■ Exercise goal
Among the lines below, the one containing "Grande organizador de" opens the range and the one containing "粉底纸艺树叶清新质感画面" closes it. Print that range exactly, without the pictures.

■ Data records

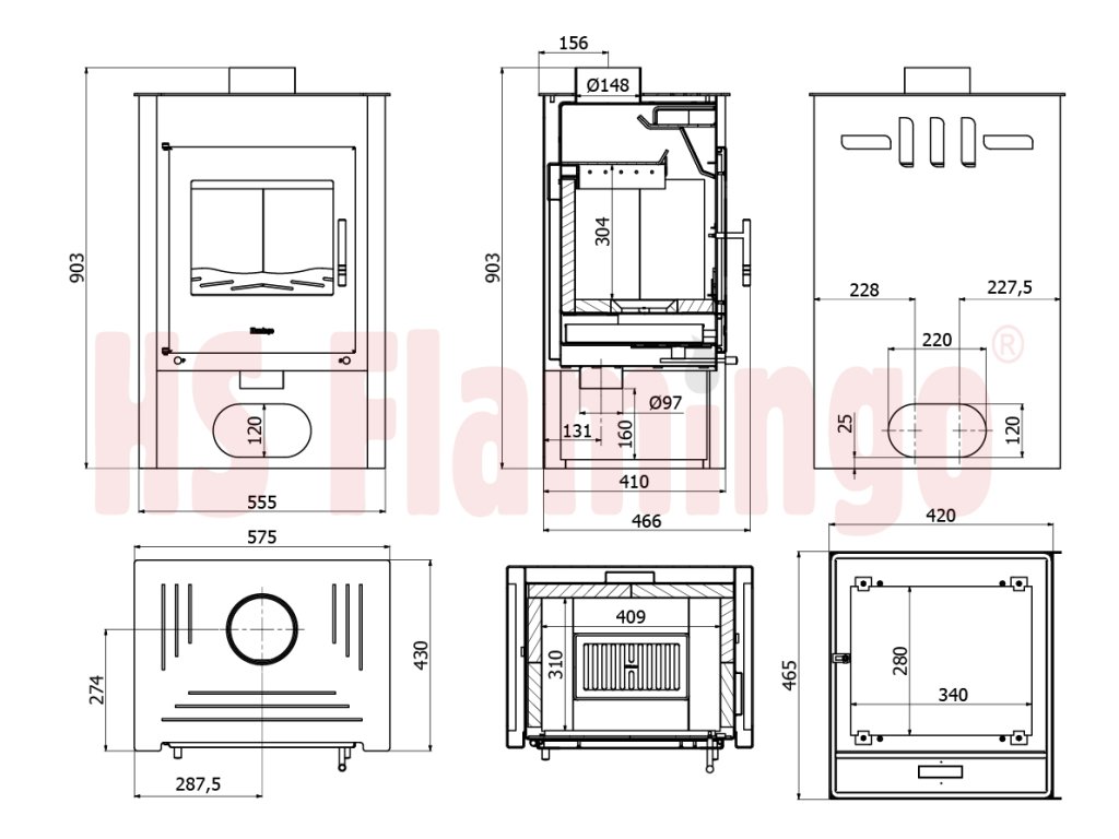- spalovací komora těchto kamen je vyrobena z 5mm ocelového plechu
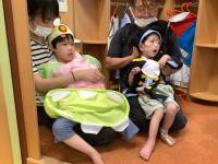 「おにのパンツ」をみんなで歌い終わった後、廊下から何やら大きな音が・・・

...

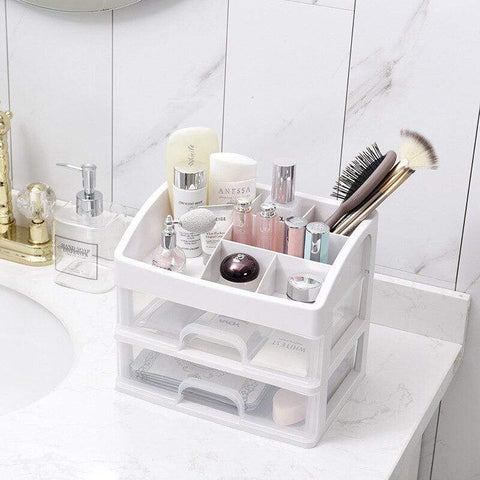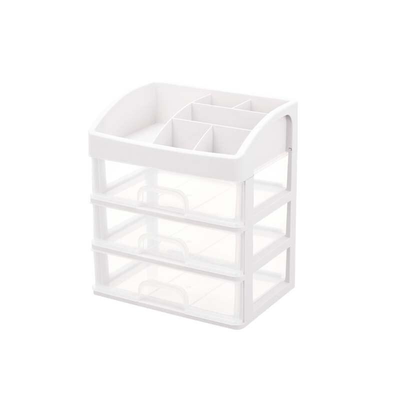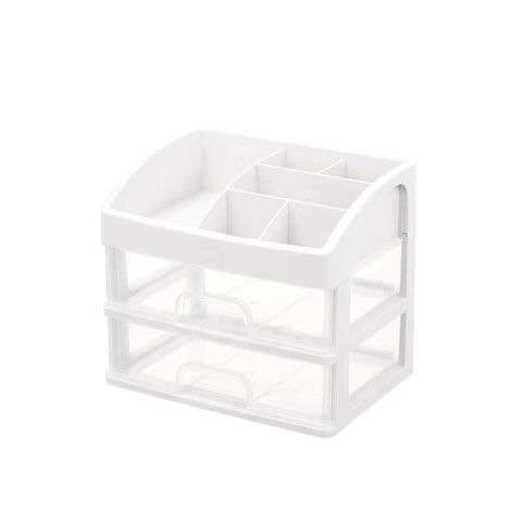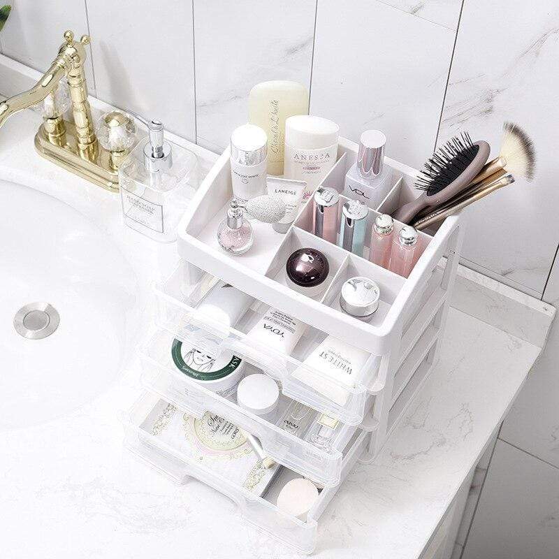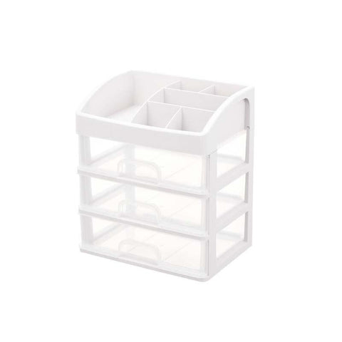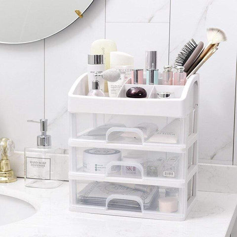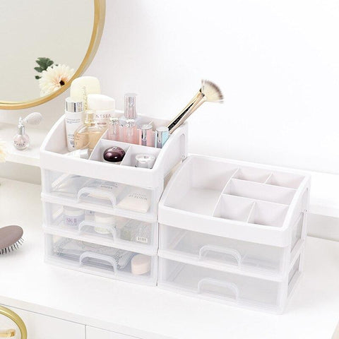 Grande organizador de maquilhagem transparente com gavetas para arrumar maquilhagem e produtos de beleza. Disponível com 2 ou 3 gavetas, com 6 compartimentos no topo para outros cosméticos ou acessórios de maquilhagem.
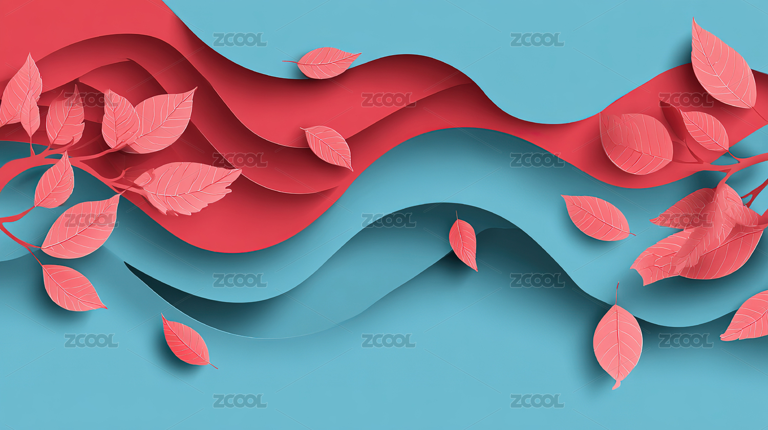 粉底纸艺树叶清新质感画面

■ Your solution
 Grande organizador de maquilhagem transparente com gavetas para arrumar maquilhagem e produtos de beleza. Disponível com 2 ou 3 gavetas, com 6 compartimentos no topo para outros cosméticos ou acessórios de maquilhagem.
 粉底纸艺树叶清新质感画面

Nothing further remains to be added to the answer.